EXERCISE MATERIALS START
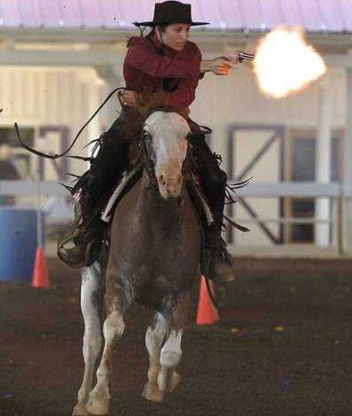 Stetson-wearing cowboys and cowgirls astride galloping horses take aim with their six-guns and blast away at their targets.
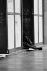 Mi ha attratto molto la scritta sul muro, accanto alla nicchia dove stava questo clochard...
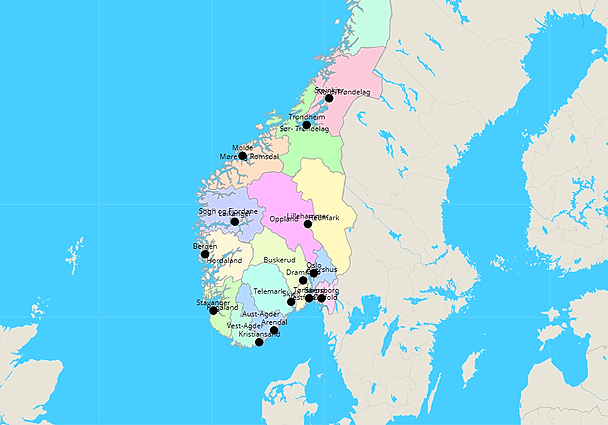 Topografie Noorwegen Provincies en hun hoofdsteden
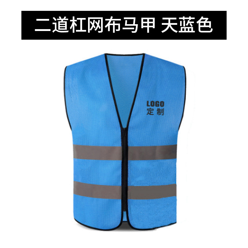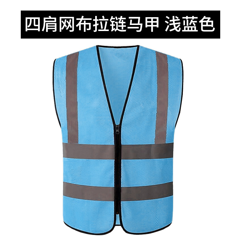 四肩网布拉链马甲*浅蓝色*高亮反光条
EXERCISE MATERIALS END
EXERCISE MATERIALS START
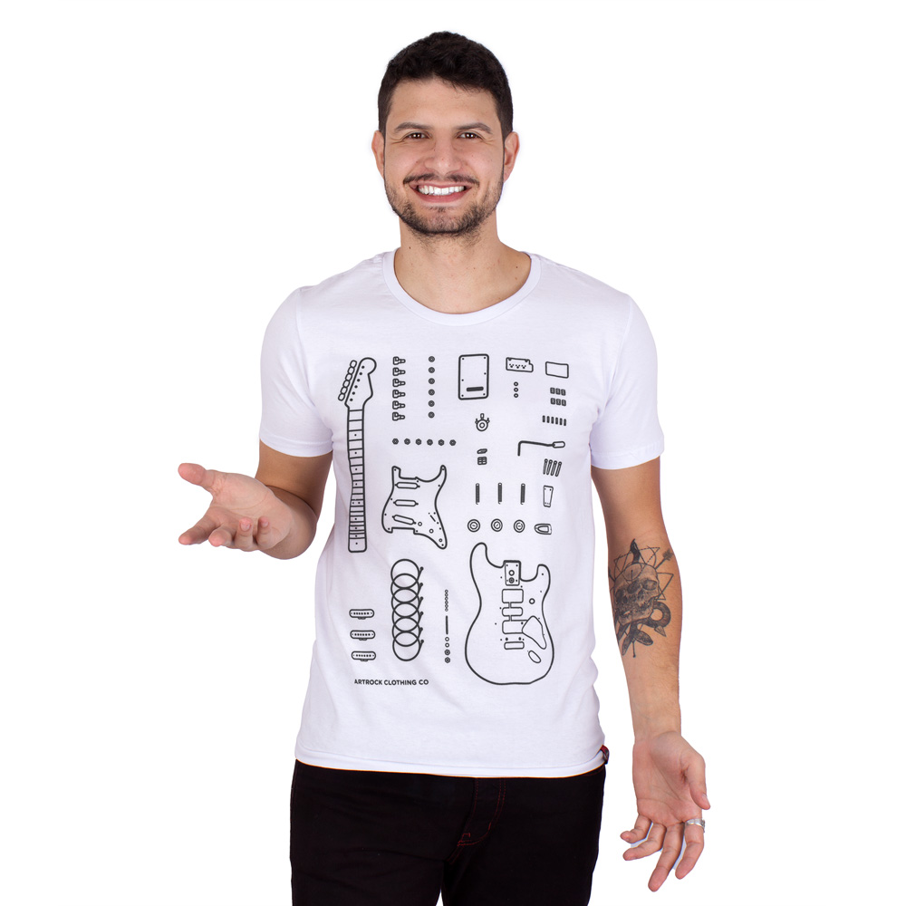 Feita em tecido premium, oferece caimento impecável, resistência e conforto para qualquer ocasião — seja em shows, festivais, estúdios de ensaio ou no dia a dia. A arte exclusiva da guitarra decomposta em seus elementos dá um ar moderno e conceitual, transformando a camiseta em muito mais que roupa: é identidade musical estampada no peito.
EXERCISE MATERIALS END
» **TASK TO COMPLETE**: Starting at the line containing "Stetson-wearing cowboys and" and stopping at the line containing "四肩网布拉链马甲*浅蓝色*高亮反光条", output every line above exactly, both ends included, with pictures omitted.

» **EXERCISE ANSWER**:
 Stetson-wearing cowboys and cowgirls astride galloping horses take aim with their six-guns and blast away at their targets.
 Mi ha attratto molto la scritta sul muro, accanto alla nicchia dove stava questo clochard...
 Topografie Noorwegen Provincies en hun hoofdsteden
 四肩网布拉链马甲*浅蓝色*高亮反光条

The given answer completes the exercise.